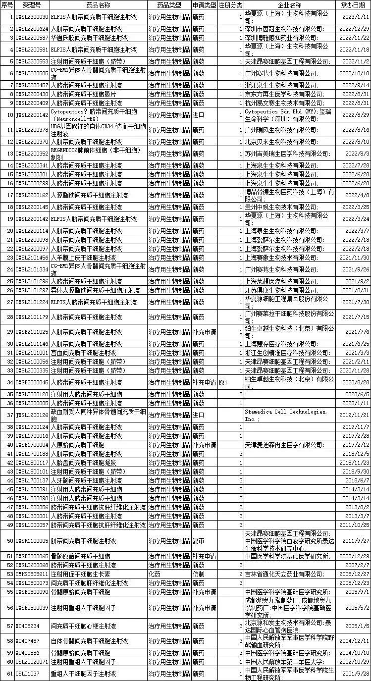 獲得國(guó)家藥品監(jiān)督管理局藥物臨床試驗(yàn)批準(zhǔn)的干細(xì)胞項(xiàng)目61項(xiàng)(結(jié)止2023年1月)
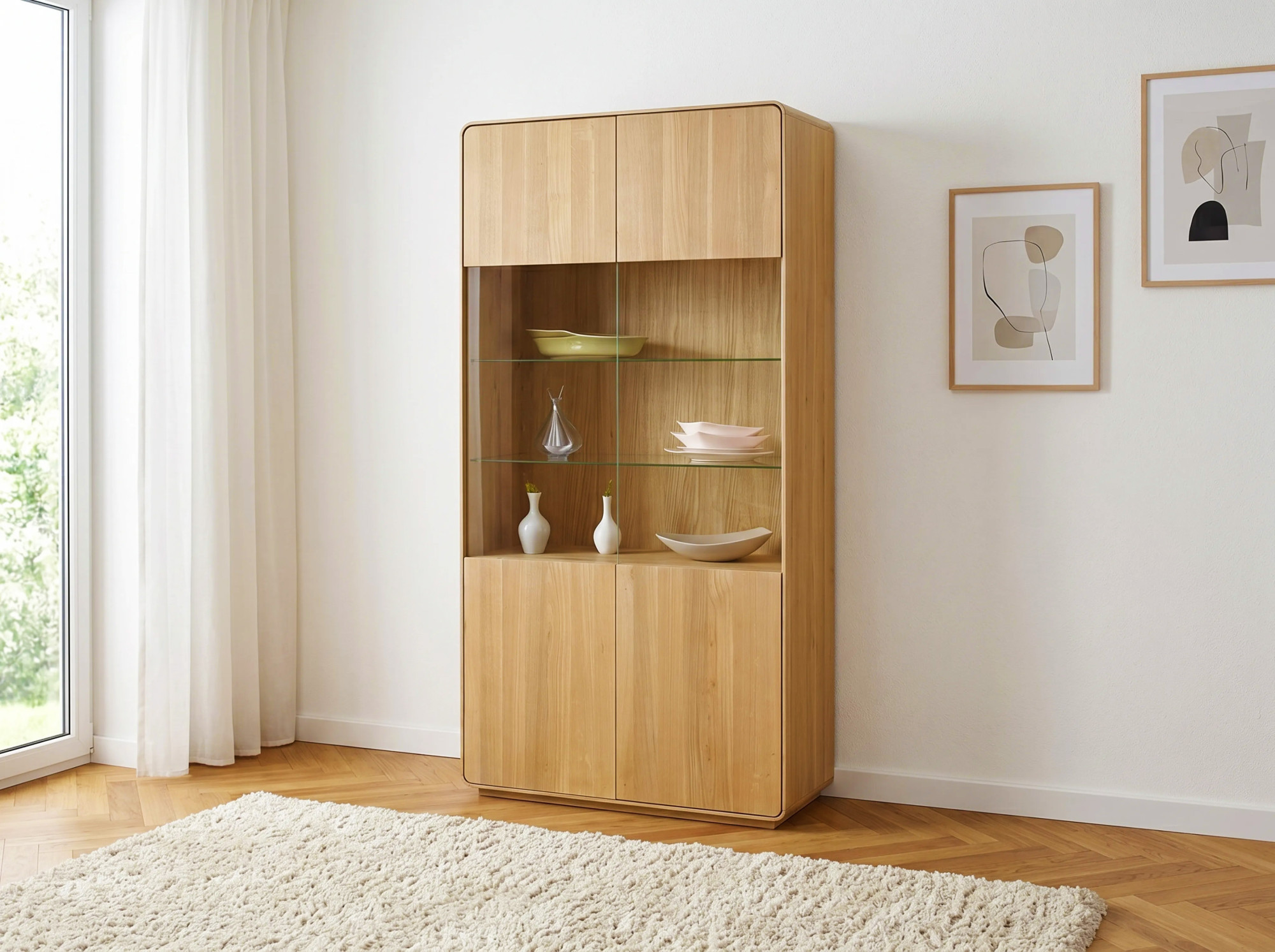 Táto masívna dubová vitrína z kolekcie Avalon spája nadčasový škandinávsky dizajn s prírodnou krásou dreva a stane sa reprezentatívnou dominantou vašej obývačky alebo jedálne. Vitrína je vyrobená z celomasívneho dubového dreva v krásnom odtieni dub natural, ktorý dodá interiéru teplo, útulnosť a prirodzenú eleganciu. Vďaka FSC certifikátu máte istotu, že drevo pochádza z zodpovedne spravovaných lesov. Charakteristické zaoblené hrany požičajú vitríne luxusný a zároveň minimalistický vzhľad typický pre škandinávsky štýl.
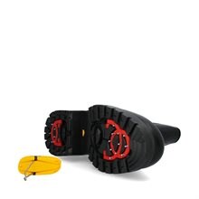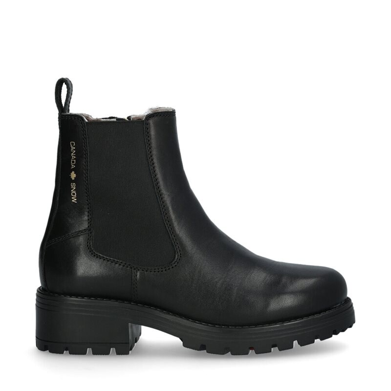 Mount Kimberley från Canada Snow. Svarta kängor i slitstarkt skinn med ett varmfodrat innerfoder i fårskinn. Innersulan består av 4 värmeisolerande lager. Stövlarna har en dragkedja på insidan med en dekorativ logotyp. Yttersulan i gummi har utfällbara spikar från ALPI-systemet. En praktisk funktion där spikarna enkelt kan vikas in och ut med ett medföljande verktyg.
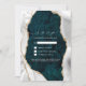Teal Marble, White & Gold Agate Wedding RSVP Invitation
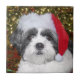A Shih Tzu Dog Breed Photograph wearing a Santa hat, laying in front of the Christmas tree during the Holiday Seasons to greet a Merry Christmas.
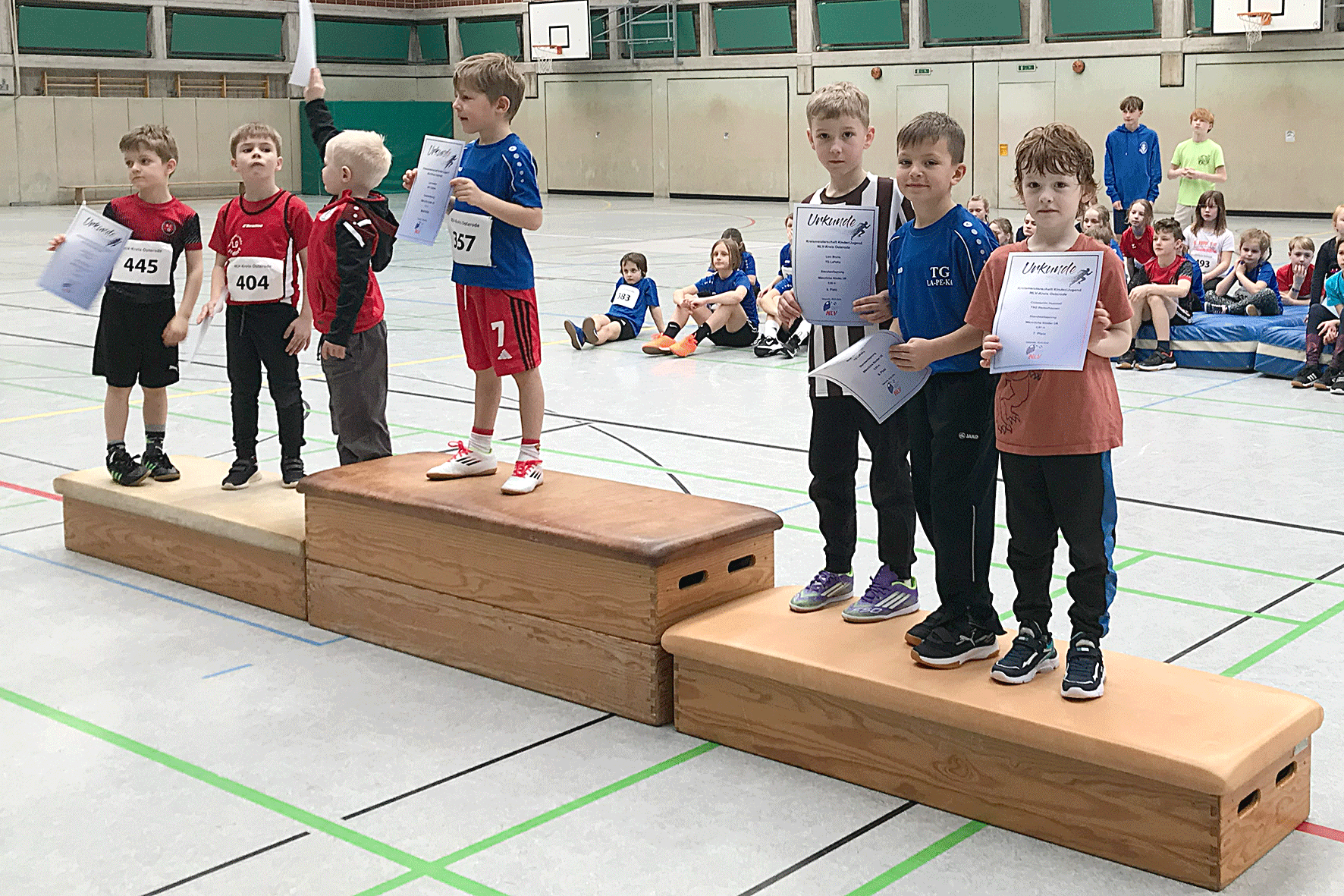 5 Kinder gingen bei den Hallenkreismeisterschaften an den Start. Dort belegte Consantin Hummel zwei 7. Plätze im Weitsprung und 50 Meter Lauf. Balthazar Hummel konnte einen 10. Platz und den 12. Platz erreichen. Helena Apel schaffte eine 5. Platz beim 50 Meter Lauf und den 6. Platz beim Weitsprung. Luna Apel war schnell und belegte beim 50 Hürdenlauf den 2. Platz und im 50 Meter Sprint den 5. Platz. Ebenfalls stellte sich Miriam Sauer ihren Aufgaben und belegte den 10 Platz im 50 Meter Hürdenlauf und den 11. Platz im Sprint.

## About this exercise
The output should hold only the lines from the one containing "Teal Marble, White" through the last line of the listing, reproduced exactly, pictures omitted.

## Result below
Teal Marble, White & Gold Agate Wedding RSVP Invitation
A Shih Tzu Dog Breed Photograph wearing a Santa hat, laying in front of the Christmas tree during the Holiday Seasons to greet a Merry Christmas.
 5 Kinder gingen bei den Hallenkreismeisterschaften an den Start. Dort belegte Consantin Hummel zwei 7. Plätze im Weitsprung und 50 Meter Lauf. Balthazar Hummel konnte einen 10. Platz und den 12. Platz erreichen. Helena Apel schaffte eine 5. Platz beim 50 Meter Lauf und den 6. Platz beim Weitsprung. Luna Apel war schnell und belegte beim 50 Hürdenlauf den 2. Platz und im 50 Meter Sprint den 5. Platz. Ebenfalls stellte sich Miriam Sauer ihren Aufgaben und belegte den 10 Platz im 50 Meter Hürdenlauf und den 11. Platz im Sprint.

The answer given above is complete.